Monday, June 28, 2010

Antsy, Anxious and Annoyed

Not too much to report today. Jim had PT and RT in Philly today. He walked almost 2 miles. His Prograf level is stable so the dosage will remain at 1.5 mgs BID. He is still beside himself. He doesn't want to sit, doesn't want to stand, he's tired but can't nap. The meds he's taking are getting him antsy, anxious and annoyed.

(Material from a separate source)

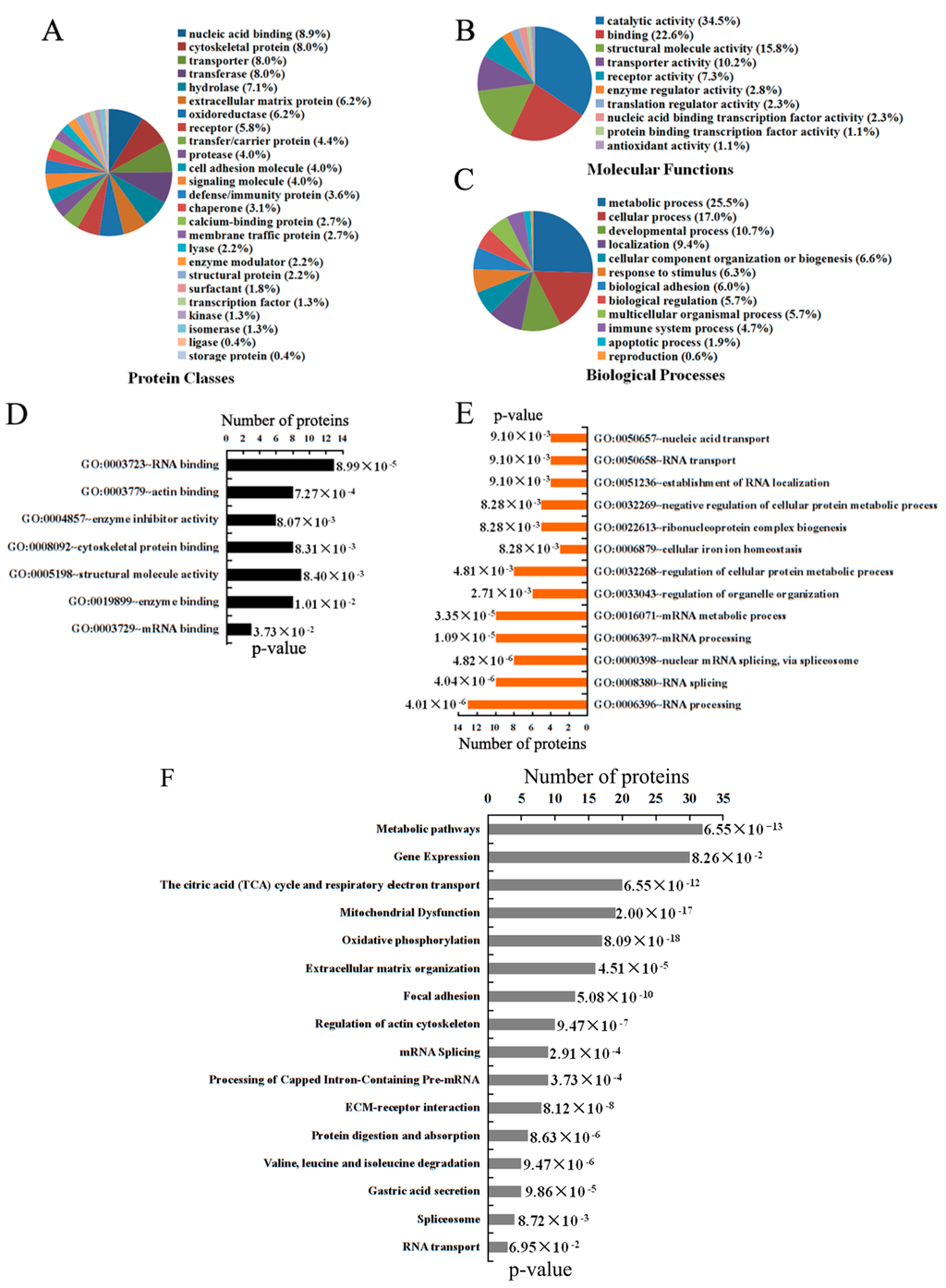 Protein Analysis Through Evolutionary Relationships (PANTHER) is a comprehensive database used to analyze protein family, gene ontology and pathways for proteins with different abundances between adjacent and tumor tissues [22]. PANTHER analysis showed that 146 dysregulated proteins could be categorized into 25 protein classes in which nucleic acid binding proteins comprised the largest group (8.9%) (Figure 3A). According to the Meta-analysis, these proteins were most associated with metabolic (25.5%), and cellular (17.0%) processes, among others (Figure 3B). This study also revealed that molecular functions of these proteins were mostly concerned with catalytic (34.5%) and binding (22.6%) activity (Figure 3C). We performed additional analysis using the Database for Annotation, Visualization and Integrated Discovery (DAVID) in order to further shed light on functional annotation of these dysregulated proteins. DAVID contains an integrated biological knowledgebase and extracts biological meaning from large gene/protein lists at systematically [23]. The results in Table S3 show that 146 differentially express proteins possessed various molecular functions and biological process. Further examination of the group of 65 upregulated proteins, DAVID revealed that their main functions is RNA and protein binding, pointed to biological processes of RNA splicing and processing, as well as metabolic processes (Figure 3D,E and Table S3, Supplementary Material).

Things seem to be looking up *fingers crossed, knocking on wood*. Again, I'm always thinking that there may be something lurking around the corner. I guess this is a good thing and a bad thing. I want to enjoy the good times while I have them and not think about the bad that may be lurking. At the same time, I can't kid myself to believe that things will be perfect. It's a balancing act that I hope I can maintain. I'm hoping in time I may believe that things will be better and my main focus won't be CF related, rather thoughts of fun things that I've been wanting to do for YEARS but CF took away. To name a few:
Hiking.
Play with the dogs in the snow WITH Jim.
Kayaking (not sure that will happen with Jim's motion sickness).
Do random things without thinking about getting home in time to do treatments.

My list is much longer but I can't seem to get my thoughts wrapped around all of the possibilities!
*Umm...this is my list. Hopefully Jim will be agreeable to most of them!* If not, who's in?!

As usual, I think about Jim's donor and his family every day and am so thankful that they have shared a part of themselves so Jim and I can have a better life.